Supreme Court allowed the appeals filed by the Successful Resolution Applicant (Appellant-SRA), ruling that upon the approval of a Resolution Plan under the Insolvency and Bankruptcy Code, 2016 (IBC), all claims—including those pending adjudication (sub-judice)—that are not specifically provided for in the plan stand extinguished. The Court held that the “clean slate” doctrine is fundamental to the IBC, preventing unresolved or contingent claims from resurfacing and undermining the revival of the corporate debtor. Consequently, the Court set aside the High Court orders and dismissed the civil suit and arbitration proceedings initiated by operational creditors, affirming that they are bound by the terms of the approved Resolution Plan.
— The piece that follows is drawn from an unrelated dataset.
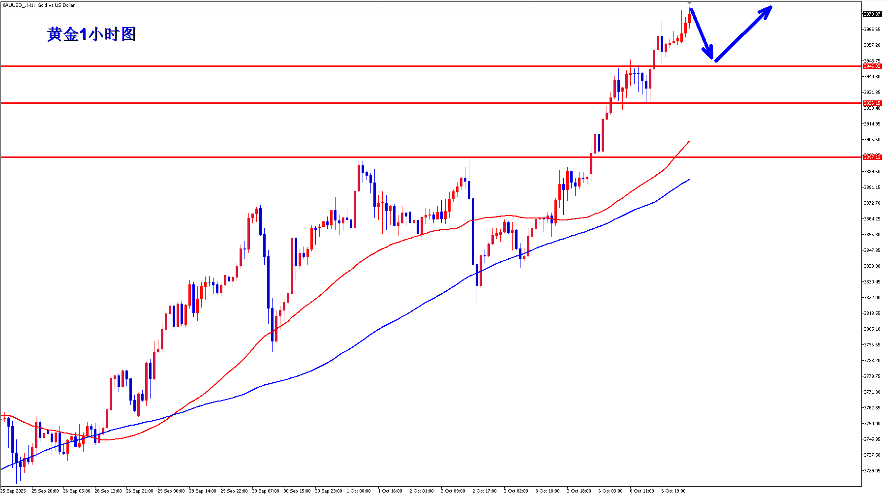 顺势轻飘飘,逆势乱糟糟,黄金当前新高不断,多头强势气势如虹,上涨不言顶,我们继续将黄金多头进行到底。黄金今天能否拿下4000?我们拭目以待!

- Background: The Appellant-SRA challenged Bombay High Court orders that allowed a civil recovery suit and arbitration proceedings to continue against the corporate debtor (Bhushan Steel Limited) despite the approval of its Resolution Plan. The respondents, operational creditors, sought to pursue claims that were pending at the time of the Corporate Insolvency Resolution Process (CIRP).
- Treatment of Claims: During the CIRP, the Resolution Professional admitted the respondents’ disputed claims at a notional value of Rupee One (1) each. The approved Resolution Plan stipulated that because the liquidation value was NIL, no amounts were due to operational creditors; however, a settlement fund was provided for those with admitted claims.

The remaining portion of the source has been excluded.